Léonce Perret (1880-1935) dio sus primeros pasos en la industria del cine como era costumbre en la época silente. Empezar en la actuación (él venía del teatro), para profundizar y pasar posteriormente o compatibilizando con la elaboración de guiones, la producción y dirección. Su versatilidad le conduciría años después a buscar la exquisitez en lo orquestal, decidiendo y eligiendo un grupo de profesionales que encumbraran su cine. A pesar de fallecer pronto, tuvo una densa trayectoria como actor y director que se tradujo en unas cuatrocientas películas de diferentes temáticas. Sus primeros trabajos como actor fueron para la Compañía cinematográfica Gaumont, siendo dirigido por un grande como Louis Feuillade (absoluta estrella e impulsor de los históricos estudios), que sustituyó a Alice Guy como la principal persona responsable y artística de la compañía una vez que ésta se marcha a EEUU a fundar la Solax Company.
A su vez, Perret codirigiría con Feuillade y pasaría a la dirección en solitario cogiendo las riendas de la fructífera y conocida empresa de Léon Gaumont (rival del imperio Pathé Frères en esos años) con el estallido de la I Guerra Mundial , aunque la impresión es que estuvo a la sombra de Feuillade –competían en películas de suspense y en el arte de filmar París–, maestro de los seriales fantásticos como Fantômas, Les Vampires, Judex o Tih-Minh, que tanta repercusión tuvieron.

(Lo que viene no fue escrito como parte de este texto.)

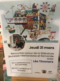 Élaine Michon, agent littéraire (élami agency), a donné une conférence sur la particularité de la littérature jeunesse aux Pays-Bas. Elle a abordé différents aspects, qu’il s’agisse de l’organisation générale de l’édition, de la distribution des livres, des différents organismes et groupement de la profession, de la promotion de la littérature jeunesse au travers des actions qui sont menées en direction de ce public ainsi que de leur périodicité, incité à lire, des prix qui sont attribués. Au-delà de l’aspect administratif ou réglementaire, elle a aussi abordé les spécificités néerlandaises, comme les albums sans texte, où le « lecteur » est invité à faire travailler son imagination, les albums d’art réunissant musées et éditeurs, l’ouverture à la poésie y compris chez les petits incités à rimer, sans oublier les lectures qui s’adressent aux adolescents pour qui aucun sujet n’est trop complexe quand tout peut être abordé sans tabou.
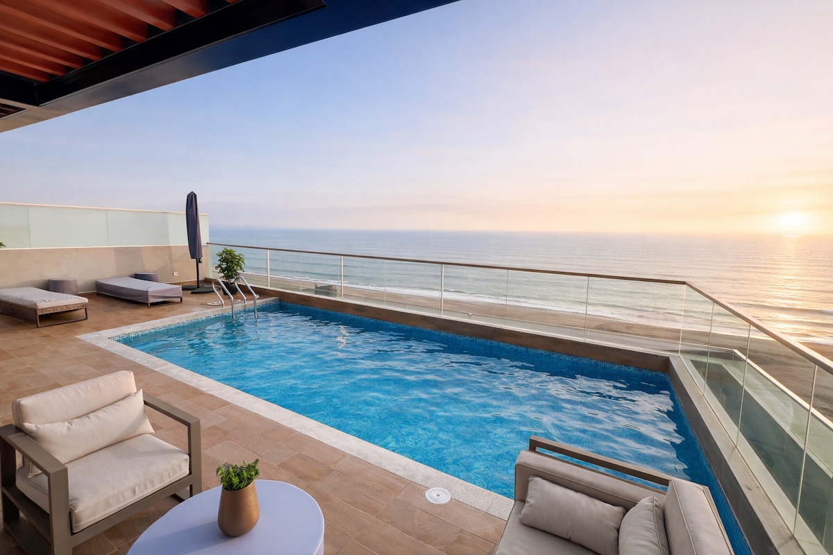 Looking for a 5 star Loft, close to the aeroport, the beach and close to the most wonderful touristic places in Lima. This is the place your looking for. This vintage - Industrial Loft offers you the best experience you can get. The most Beautiful Sea sights of Lima, the most comfortable sleep with its queen organic bed, high speed WIFI conection ideal for work or just relax. Chill with the 180° sea sight view pool, gaming room, cinema and much more.
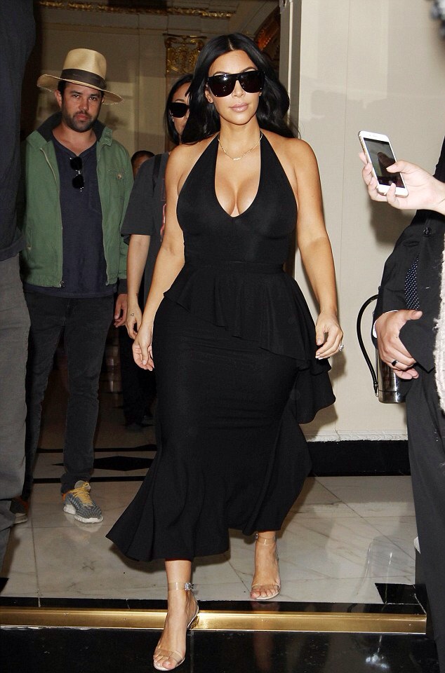 Kim Kardashian portait une robe noire avec un V plongeant sur sa poitrine. Elle est actuellement en tournée à Londres.
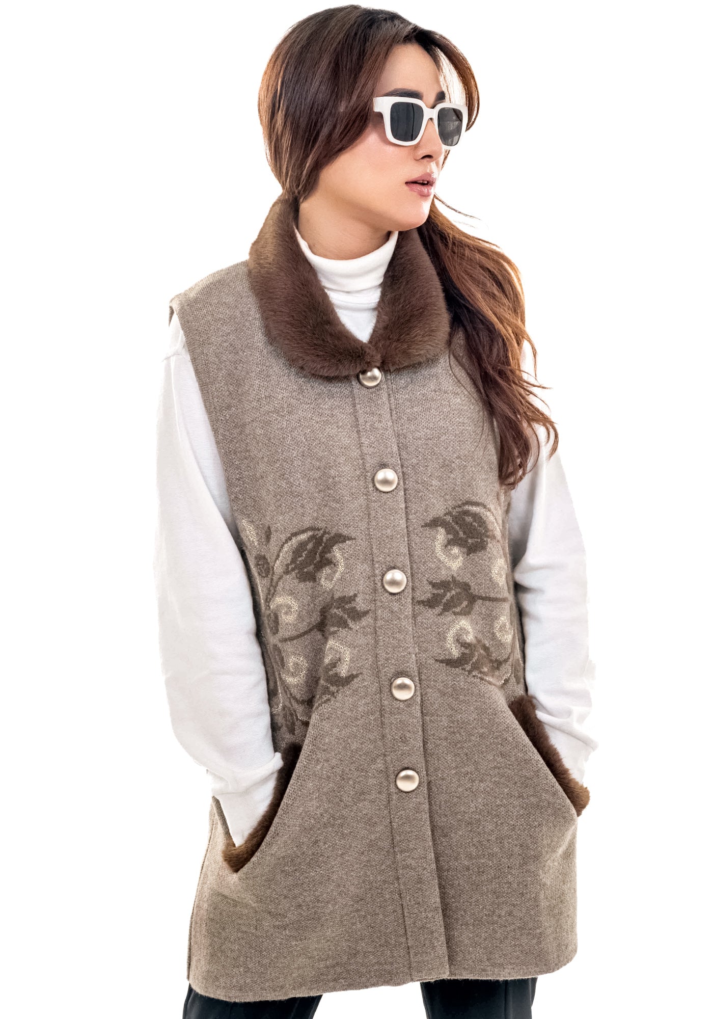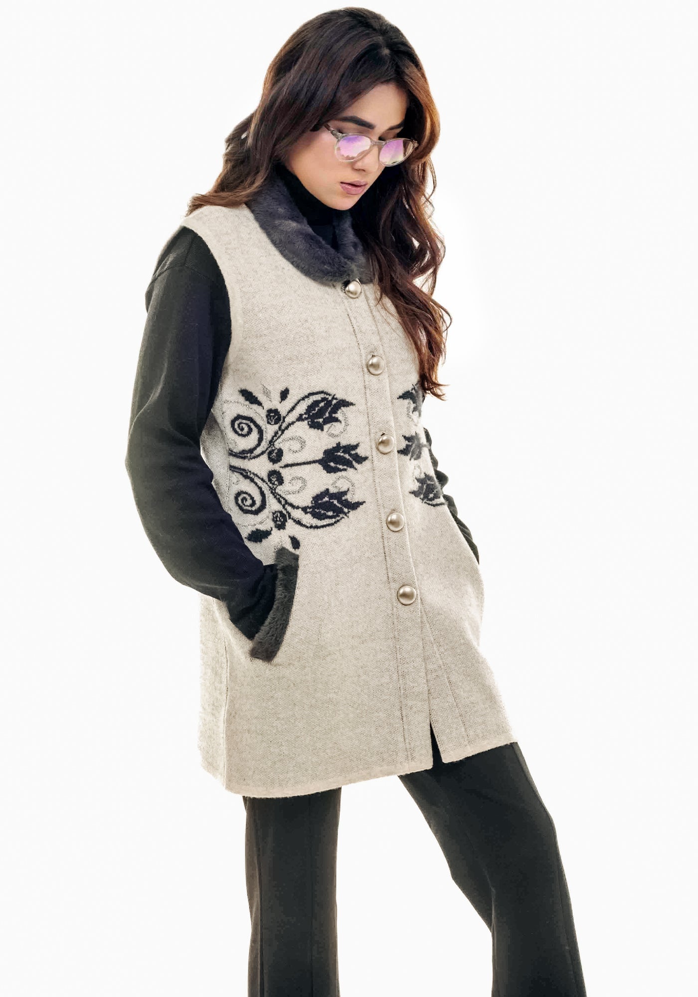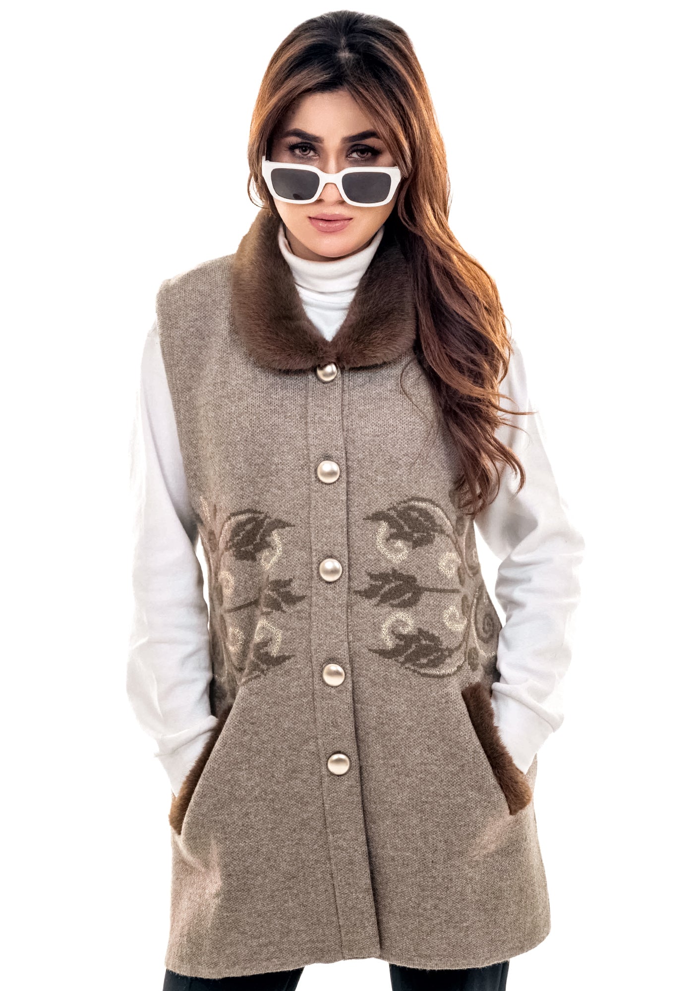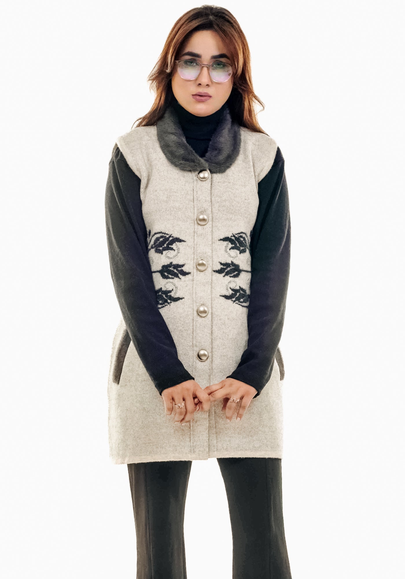 Soft Acrylic Wool Sleeve Less Cardigan
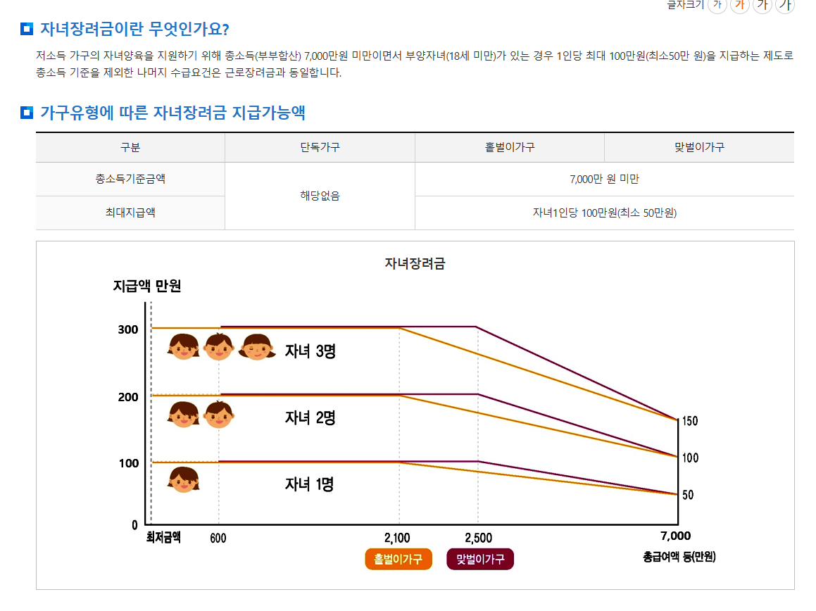 자녀장려금은 자녀수, 가구유형, 연간 총소득 에 따라 차등 지급됩니다:
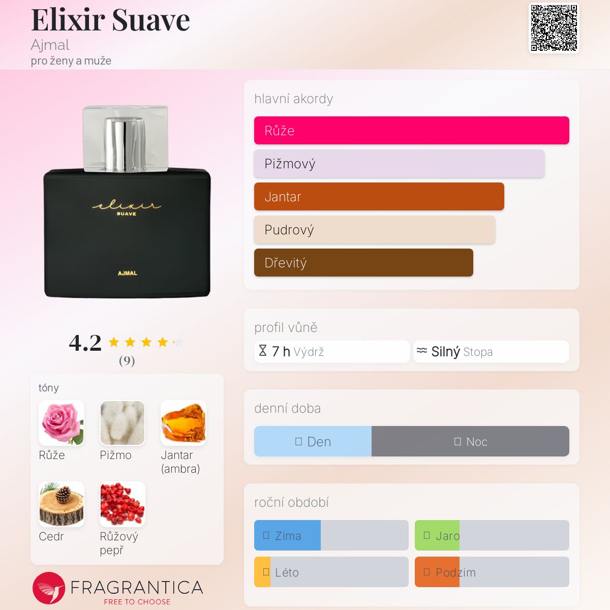 Elixir Suave podle Ajmal je Orientální Floral vůně pro ženy a muže. Elixir Suave byl/a uveden/a v roce 2021. Vrchní tóny jsou Růže a Růžový pepř; střední tóny jsouRůže a Cedr ; základní tóny jsou Pižmo a Jantar (ambra).
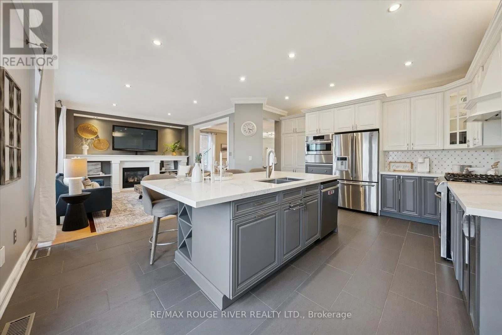 Cross Streets: Carnwith/Montgomery. ** Directions: West Brooklin. Welcome to 15 Eastgate Circle, one of Brooklin's most sought-after layouts set on a rarely offered, premium 150-foot pie-shaped lot with no neighbours behind - the ultimate in privacy and tranquility.This stunning home offers over 3,000 sq. ft. of bright, open-concept living space and features 3+1 bedrooms and 4 bathrooms. The beautifully renovated kitchen is a true showpiece, complete with stainless steel appliances, a gas stove, built-in oven, quartz countertops, and an impressive island, perfect for family gatherings and entertaining.Relax in the dramatic family room with soaring 14-foot ceilings and a walkout to a private balcony, ideal for enjoying warm summer evenings. Additional highlights include gleaming hardwood floors, abundant pot lighting, second-floor laundry, and a professionally finished basement with above-ground windows, a fourth bedroom, and a three-piece bathroom.Step outside to your fully hardscaped backyard oasis, featuring a large multi-tiered deck with glass railings, a hot tub and gazebo - the perfect retreat for relaxation or entertaining, with plenty of space for children to play.Located just steps from top-rated schools, the high school, parks, and downtown Brooklin's amenities, this home offers the perfect blend of luxury, privacy, and lifestyle. (id:27476)
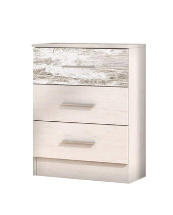 Mesita de noche de diseño actual con tres cajones, pensada para mantener el dormitorio ordenado y tenerlo todo a mano. Su estructura compacta permite colocarla junto a la cama sin recargar el ambiente, y los frentes de los cajones aportan un toque decorativo con textura tipo madera. Los tiradores rectos facilitan la apertura y el cierre, mientras que los cajones ofrecen buena capacidad para ropa pequeña, cargadores, libros o accesorios. Es una opción práctica para dormitorios juveniles o de matrimonio, y también funciona como mueble auxiliar en un recibidor o estudio.
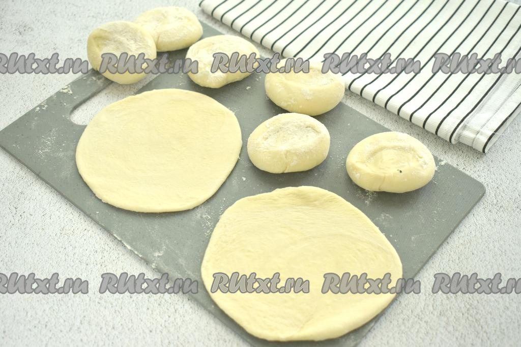 Каждый кусочек теста ставим на срез и раскатываем в лепёшку диаметром 11 сантиметров.
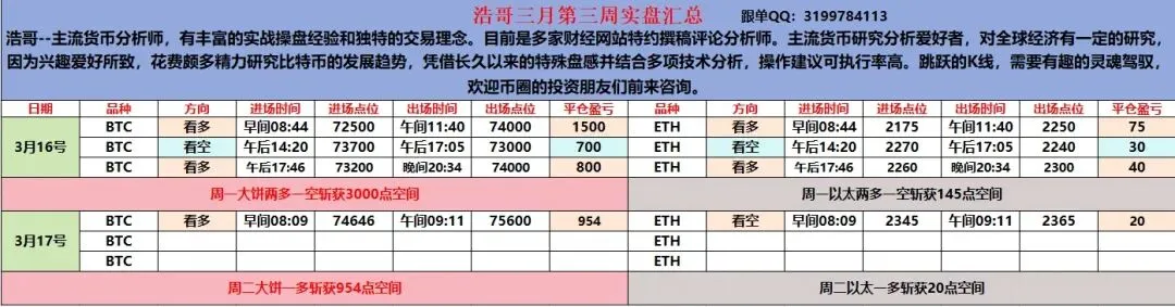 这种“一拉一回踩”的节奏,是典型的多头控盘信号。它并非简单的单边上涨,而是通过小幅度的快速洗盘,有效清除了不坚定的短线浮筹,为后续的上攻减轻了压力。从73200企稳后,多头随即展开反攻,价格呈现出阶梯式上行的健康结构,每一步都走得非常扎实。
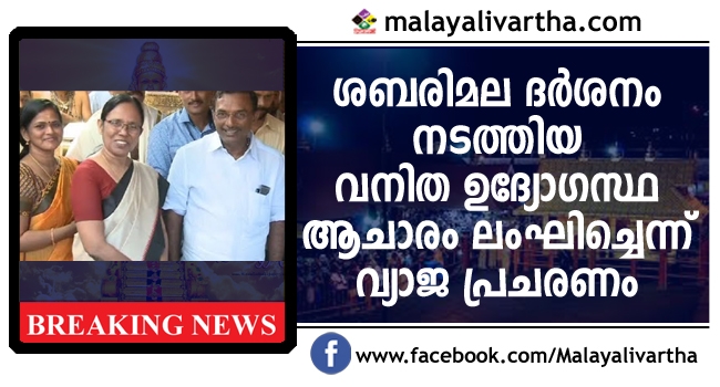 മന്ത്രി കെ കെ ശൈലജയ്ക്കൊപ്പം ശബരിമല സന്നിധാനത്ത് ദര്ശനം നടത്തിയ വനിത ഉദ്യോഗസ്ഥ ആചാരം ലംഘിച്ചെന്ന് സമൂഹമാധ്യമങ്ങളില് വ്യാജ പ്രചരണം. നാഷണല് ഹെല്ത്ത് മിഷന് ചീഫ് എന്ജിനീയറായ സി ജെ അനില ഇതിനെതിരെ മുഖ്യമന്ത്രിക്ക് പരാതി നല്കി.
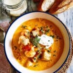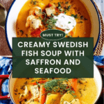 This Swedish Fish Soup with Saffron is a creamy, aromatic seafood stew featuring tender cod, salmon, prawns, and mussels in a delicate broth infused with saffron, white wine, and fresh herbs. Perfect for seafood lovers looking for a comforting and flavorful dish that combines Scandinavian traditions with rich, creamy textures.
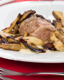 Sirve la sopa de patata en platos hondos y sazona. Coloca encima el carré de cordero asado y acompaña con los hongos salteados.
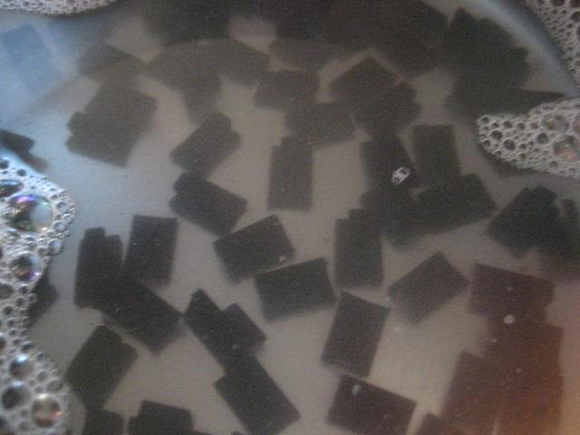Im Anschluß habe ich kaltes Wasser mit Spülmittel verwendet.
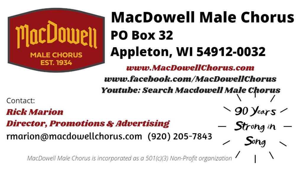 “The men of the Appleton MacDowell Male Chorus welcome Janet Planet to our 91st Anniversary Season performance stage. She will join us in song as we present a concert of hope and inspiration for a fast-moving world.
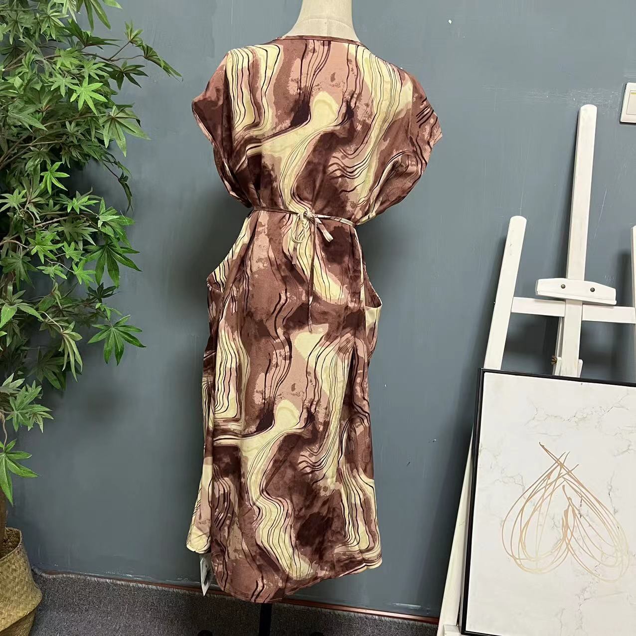 プリントワンピース Vネック フレアスリーブ 春夏 大人きれい レトロ クラシカル 20代 30代 40代 op0824
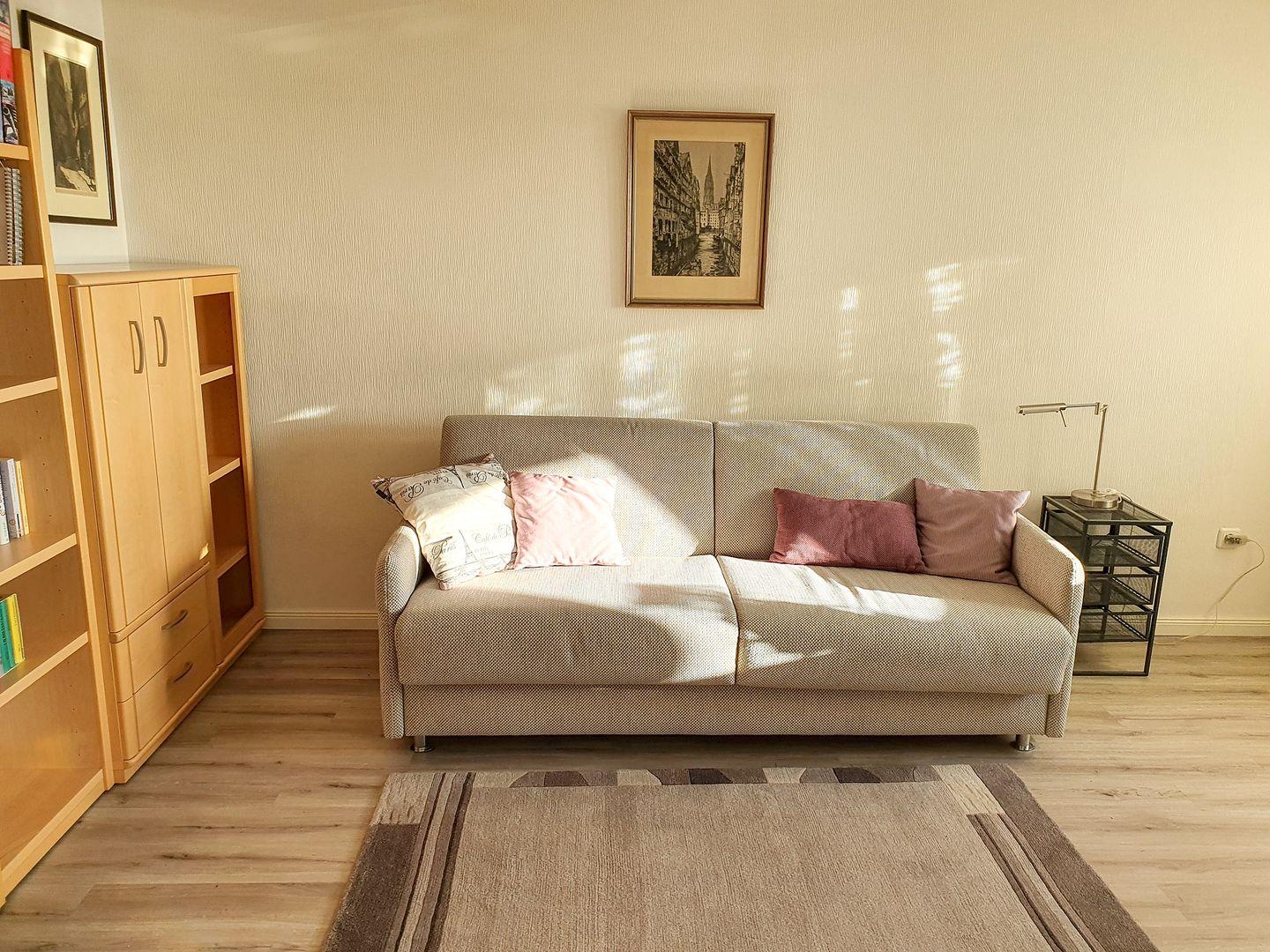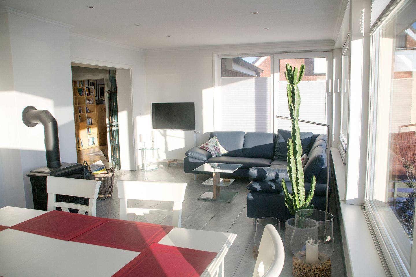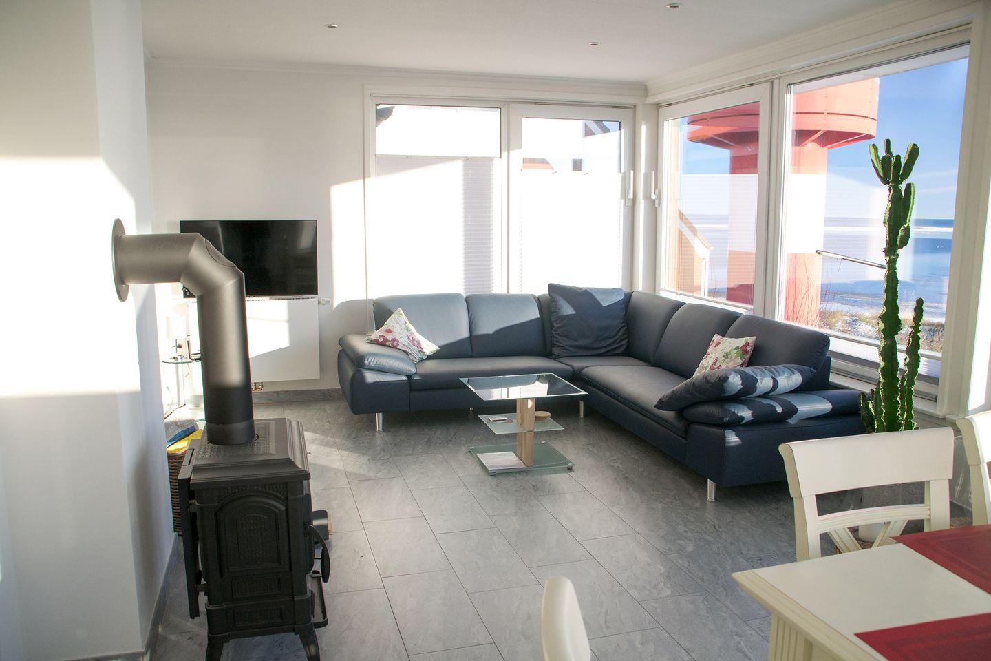 Die Wohnung verfügt über drei gemütliche Schlafzimmer mit hochwertigen Vinylböden und zwei moderne Badezimmer mit Regenduschen, Tageslicht und Fußbodenerwärmung. Eine private großzügige Sauna lädt nach einem erlebnisreichen Tag ein, den Körper und Geist zu entspannen. Die offene und helle Gestaltung des Wohnzimmers mit Fliesenboden lädt zu geselligen Abenden ein. Hier können Sie auf der Ledersofaecke entspannen, während der Kaminofen eine wohlige Atmosphäre schafft. Internet über W-Lan, Fernseher, Radio, Blue-Ray- und CD-Player mit einer Filmauswahl sowie eine Wii-Spielekonsole mit reichlich Spielen sorgen dafür, dass auch die Unterhaltung nicht zu kurz kommt. Auch Bücherwürmer dürfen sich durch unsere kleine Bibliothek wühlen. Ein Arbeitsplatz mit Monitor, die stabile Internetverbindung und dabei immer der Blick über den Kniepsand schafft die Möglichkeit von Homeoffice im Inselparadies.

Y eso que Perret gozó de una muy buena carrera cinematográfica centrada también en lo criminal, germen del género policíaco que desembocaría años después en el Polar francés; así como se introduciría en el “fantastique”, lo romántico, algunos trabajos destinados al patriotismo (el documental Les Poilus de la revanche (1916), o Une page de gloire (1915), que retomaría en sus años en EEUU para N’oublions jamais en 1918); otros de carga simbólica como en Le Hâleur (1911), también trabajos muy líricos, realistas, comedias, melodramas y algún documental.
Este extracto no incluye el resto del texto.